Les relations existant entre le métabolisme et la fonction reproductive chez l'être humain sont reconnues depuis très longtemps. C'est toutefois plus récemment que les mécanismes impliqués dans ces interactions ont commencé à être élucidés. En effet, deux découvertes fondamentales rapportées durant la décennie écoulée ont ouvert la voie à une meilleure compréhension de ces interactions. La première a été le clonage de la leptine, un signal de satiété important pour le système nerveux central qui est également la première hormone d'origine adipocytaire décrite. Cette découverte a révolutionné la notion que nous avions du tissu adipeux, qui n'est pas un organe de stockage énergétique passif, mais bien un tissu en relation dynamique avec le reste de l'organisme, et notamment le cerveau. La leptine, par ses effets sur des neurones hypothalamiques impliqués dans la prise alimentaire et différentes fonctions neuroendocriniennes, participe à l'intégration de l'état métabolique par l'axe de la reproduction.

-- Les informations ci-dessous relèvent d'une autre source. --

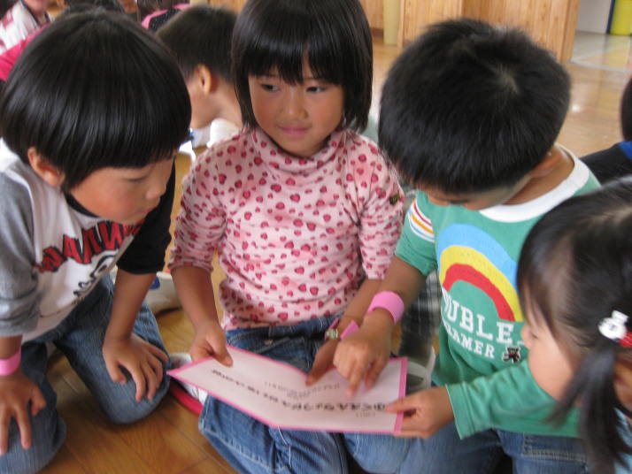 10月16日(水)幼稚園の60歳の誕生日。みんなで祝う会を行いました。ハッピーバースデーの歌に始まり、大江幼稚園○×クイズや縦割り班で園内を巡り指令をクリアしながら宝を探し出すゲームなどを楽しみました。なかよし組や星組の手を優しく引いてあげる姿、あちらこちらで興奮して盛り上がる子どもたちの声。幼稚園もとても喜んでいたように感じられました。
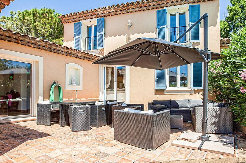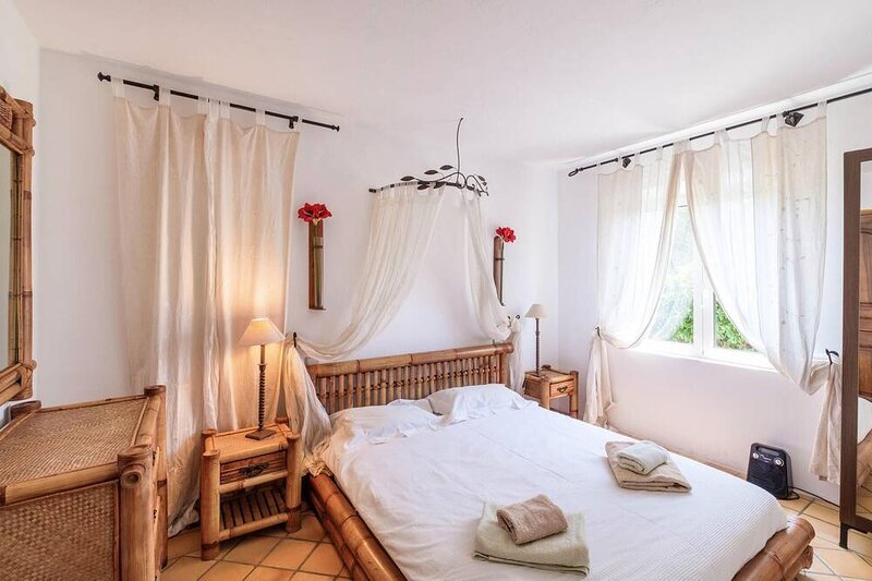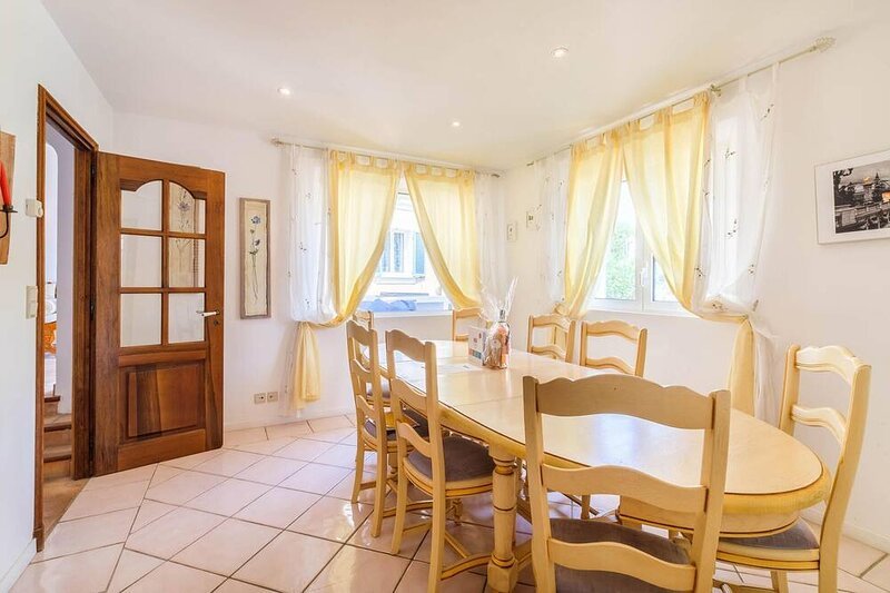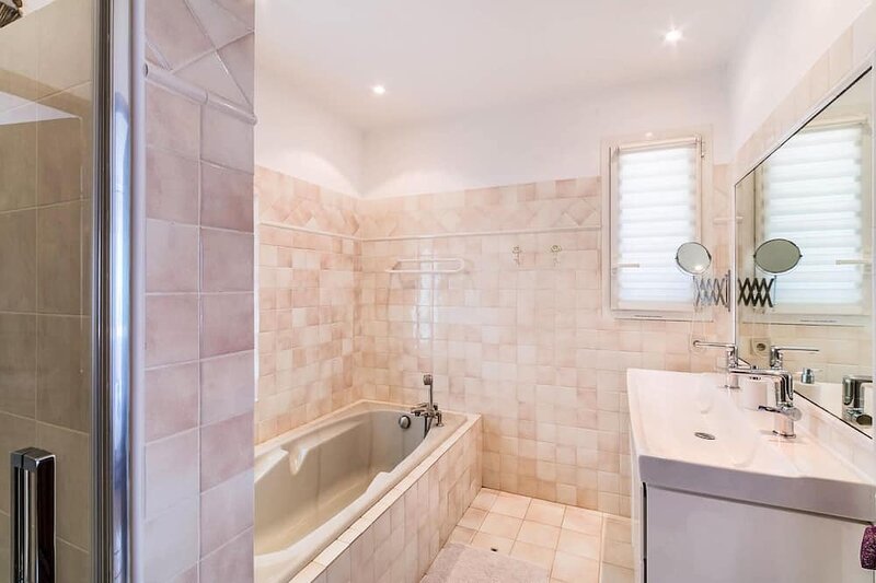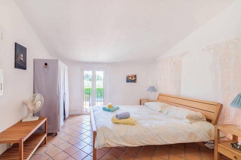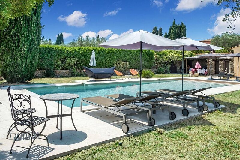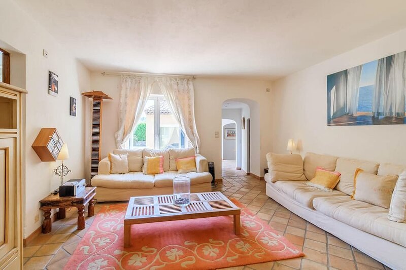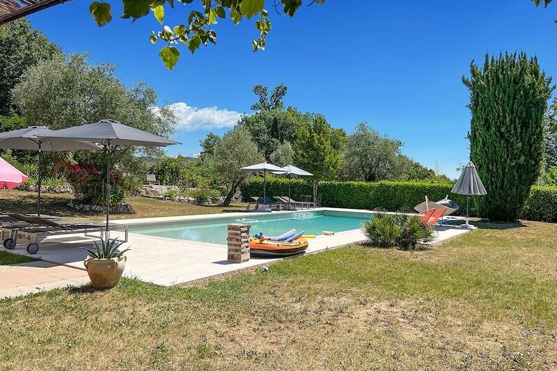 This spacious five bedroom villa benefits from a tranquil location, just five minutes from the medieval village of Saint-Cézaire. It has been tastefully decorated with an elegant décor and comfortable furnishings. The living room and dining room are both cosy and welcoming, and the fully-equipped kitchen offers plenty of space for guests wishing cook with the delicious local produce. Outside, there is plenty of space to both relax and have fun, with a refreshing swimming pool, lawn area, several terraces, a giant garden chess set and children's play area at your disposal!. - Free parking nearby

La seconde découverte fondamentale a été la confirmation par l'équipe de Michael Schwartz à Seattle que l'insuline traverse la barrière hémato-encéphalique.3,5 Cette hypothèse avait initialement été accueillie avec beaucoup de scepticisme puisque les neurones n'ont pas besoin d'insuline pour capter et métaboliser le glucose. Il est maintenant admis que l'insuline comme la leptine transmet au cerveau des informations sur l'état métabolique de l'individu.
L'hypothalamus se retrouve ainsi au centre d'une convergence de signaux périphériques. Un modèle théorique expliquant l'intégration de ces divers signaux a été proposé récemment : des variations de concentration de l'insuline et/ou de la leptine influencent l'activité de certains neurones. Ces neurones activent ou inhibent ensuite d'autres neurones, directement impliqués dans le contrôle de la prise alimentaire ou dans l'activation des différents systèmes neuroendocriniens (fig. 2). Les différentes populations de neurones hypothalamiques sont donc interconnectées au sein d'un réseau extrêmement dense et complexe. Une meilleure compréhension de ces réseaux neuronaux ainsi que des mécanismes intracellulaires de signalisation des messagers périphériques devrait permettre d'identifier de nouvelles cibles thérapeutiques pour le traitement de l'obésité et des troubles endocriniens associés.